▶ **THE TASK**:
Reproduce exactly the entries from the "I, Jane Doe" line to the end. Skip all pictures.

▶ **INPUT RECORDS**:
• • • • •

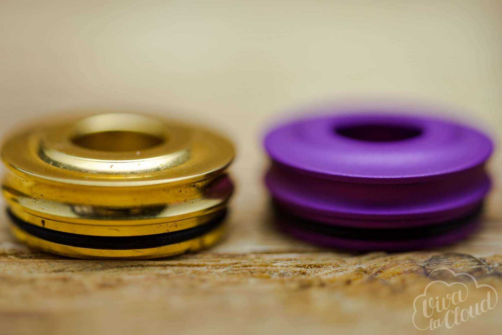 Еще одним вариантом апгрейда может быть и замена стандартных топ-кэпов на более широкий. Он также выполнен из анодированного алюминия, а вот дрип-тип сделан уже из акрила.
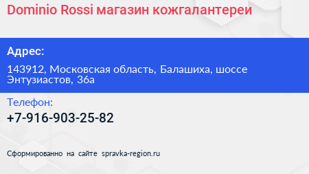Dominio Rossi, магазин кожгалантереи по адресу 143912, Московская область, Балашиха, шоссе Энтузиастов, 36а в дальнейшем Организация, размещена в следующих категориях:
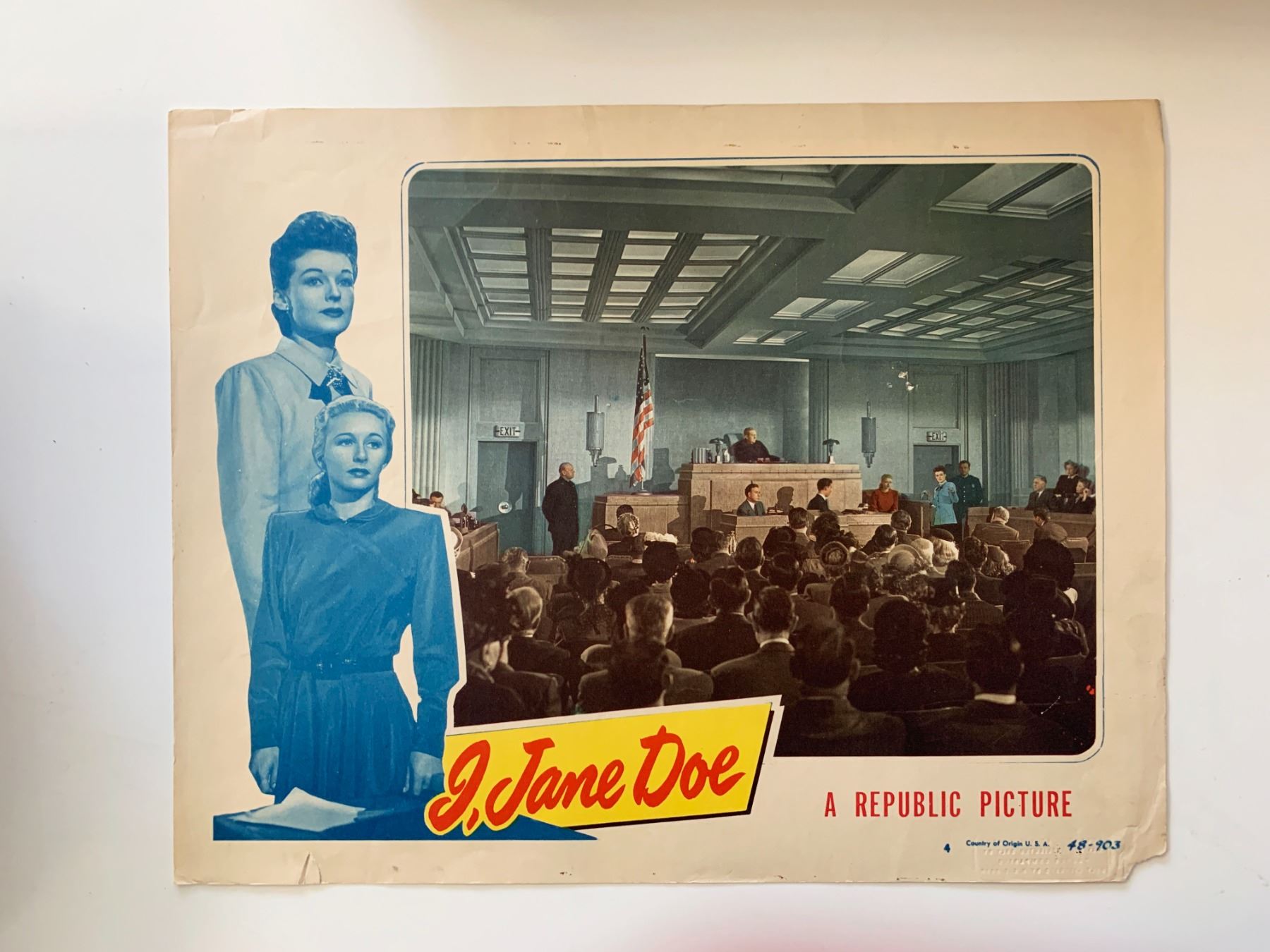 I, Jane Doe original 1948 vintage lobby card on heavy card stock. 11x14 inches
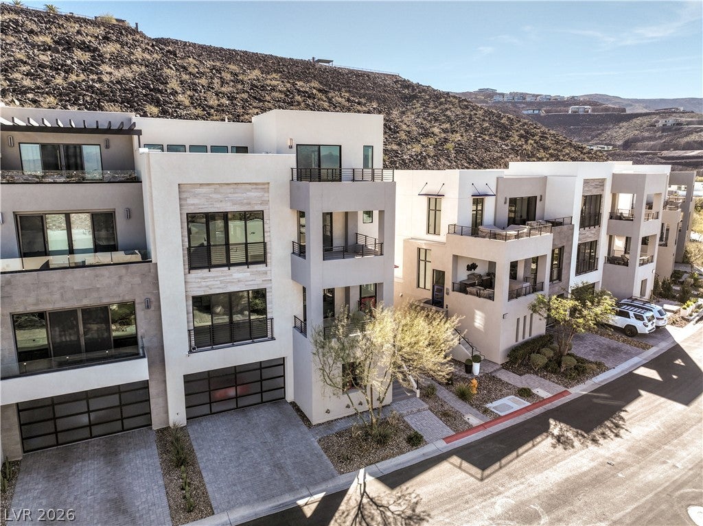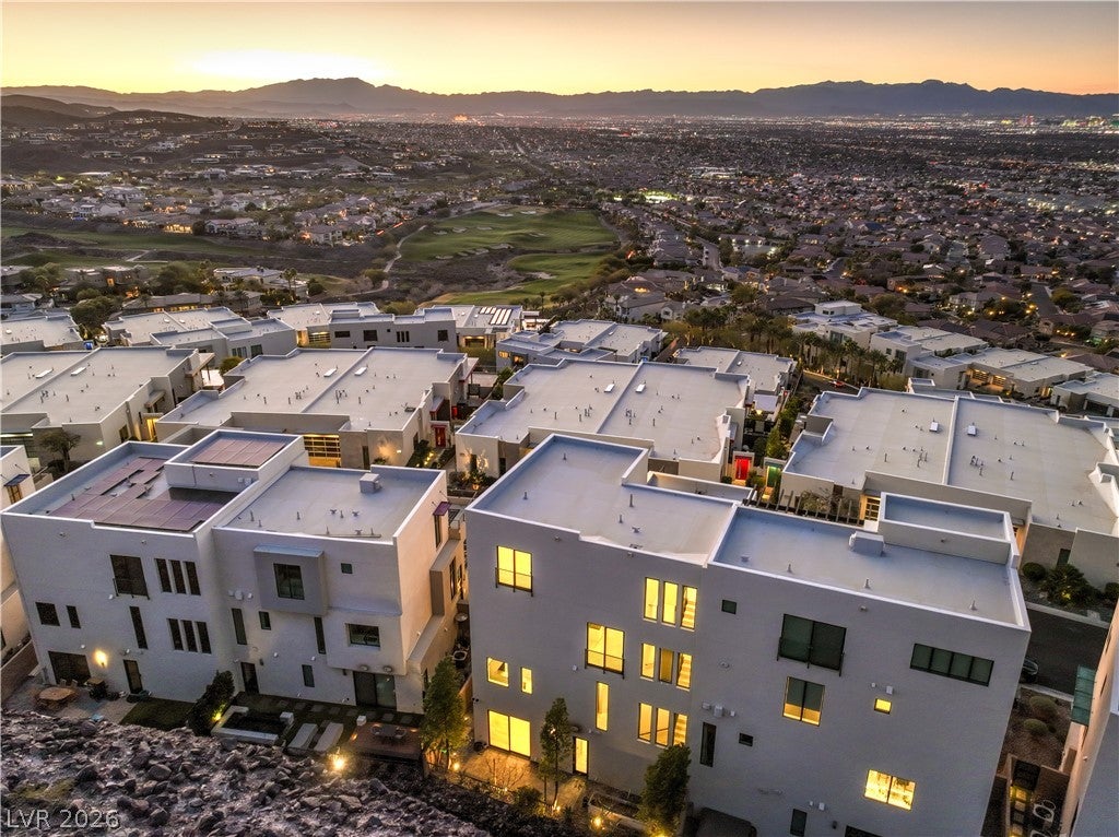 Experience elevated living in this 4-story modern architectural showpiece offering panoramic, unobstructed views of the Las Vegas Strip, city skyline, golf course, & mountains from the 2nd, 3rd, & dramatic 4th-level penthouse. This is the crown jewel & signature residence of the neighborhood. Located in the prestigious guard-gated Dragon Ridge Country Club, this rare residence spans over 4,600 square feet w/ 4 bedrooms & 5 bathrooms, showcasing light-filled interiors, 10-foot ceilings, & an open, contemporary floor plan. The gourmet kitchen features top-of-the-line Bosch appliances, quartz countertops, & seamless indoor-outdoor flow through 8-foot glass sliding doors. Enjoy surround sound, two fireplaces, tankless water heater, & impeccable finishes throughout. The penthouse retreat complete with bath, wet bar, & private terrace delivers top-of-the-world views typically reserved for a helicopter. Immaculate & like brand new! Control 4 System stays. Lock & leave luxury lifestyle.
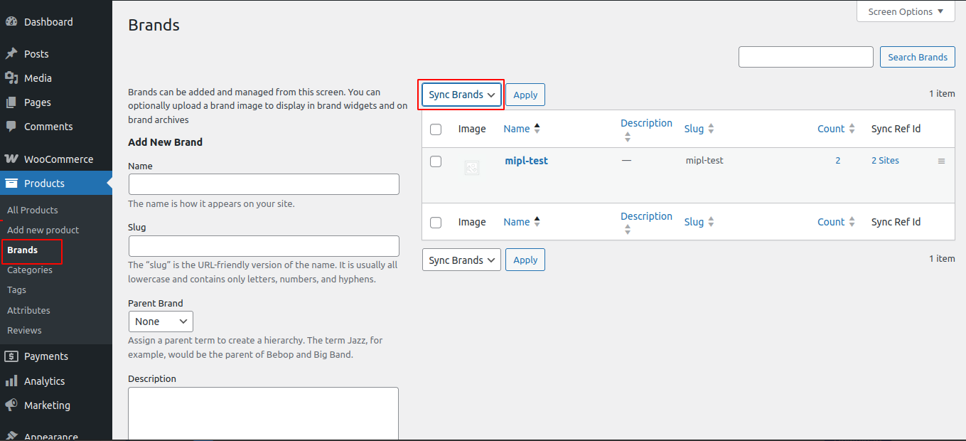 To enable this sync setting, follow these steps: Go to WooCommerce → Sync Stores → Edit Store → Settings ->Generate Missing Brands.
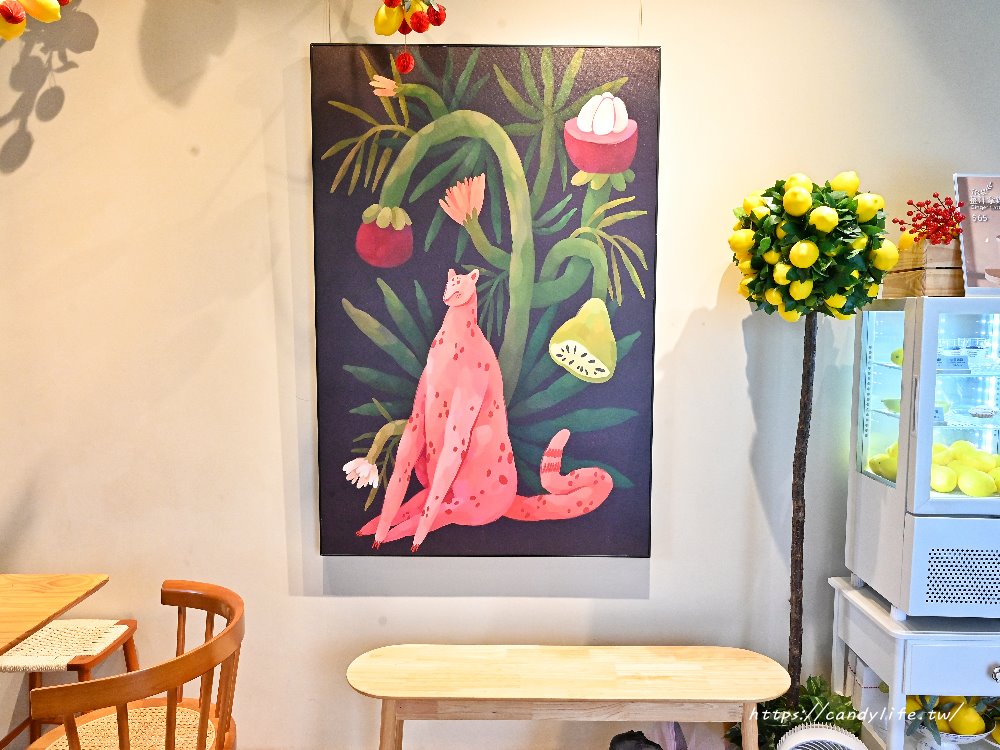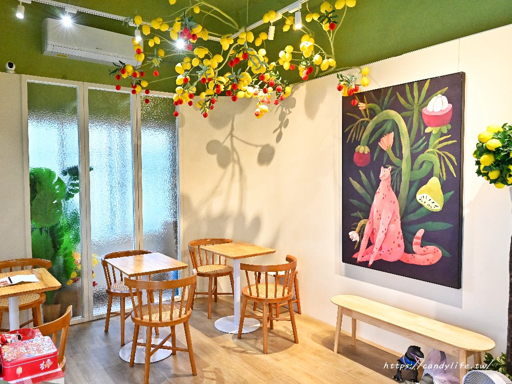 店內座位區以溫潤的木質桌椅為主,牆上掛著色調大膽、帶點插畫風格的叢林動物畫作,為空間增添了不少藝術氣息,這裡的每個角落都經過精心設計,不管是坐在窗邊看風景,還是在「檸檬樹」下跟朋友聊天,拍起照來都超級好看!
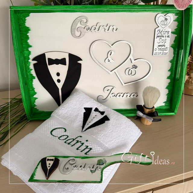- setul pentru barbierit mirele - un satar personalizat din placaj de lemn, pamatuf si prosop personalizat 50x90cm

• • • • •

▶ **ANSWER FOR THE TASK**:
 I, Jane Doe original 1948 vintage lobby card on heavy card stock. 11x14 inches
 Experience elevated living in this 4-story modern architectural showpiece offering panoramic, unobstructed views of the Las Vegas Strip, city skyline, golf course, & mountains from the 2nd, 3rd, & dramatic 4th-level penthouse. This is the crown jewel & signature residence of the neighborhood. Located in the prestigious guard-gated Dragon Ridge Country Club, this rare residence spans over 4,600 square feet w/ 4 bedrooms & 5 bathrooms, showcasing light-filled interiors, 10-foot ceilings, & an open, contemporary floor plan. The gourmet kitchen features top-of-the-line Bosch appliances, quartz countertops, & seamless indoor-outdoor flow through 8-foot glass sliding doors. Enjoy surround sound, two fireplaces, tankless water heater, & impeccable finishes throughout. The penthouse retreat complete with bath, wet bar, & private terrace delivers top-of-the-world views typically reserved for a helicopter. Immaculate & like brand new! Control 4 System stays. Lock & leave luxury lifestyle.
 To enable this sync setting, follow these steps: Go to WooCommerce → Sync Stores → Edit Store → Settings ->Generate Missing Brands.
 店內座位區以溫潤的木質桌椅為主,牆上掛著色調大膽、帶點插畫風格的叢林動物畫作,為空間增添了不少藝術氣息,這裡的每個角落都經過精心設計,不管是坐在窗邊看風景,還是在「檸檬樹」下跟朋友聊天,拍起照來都超級好看!
- setul pentru barbierit mirele - un satar personalizat din placaj de lemn, pamatuf si prosop personalizat 50x90cm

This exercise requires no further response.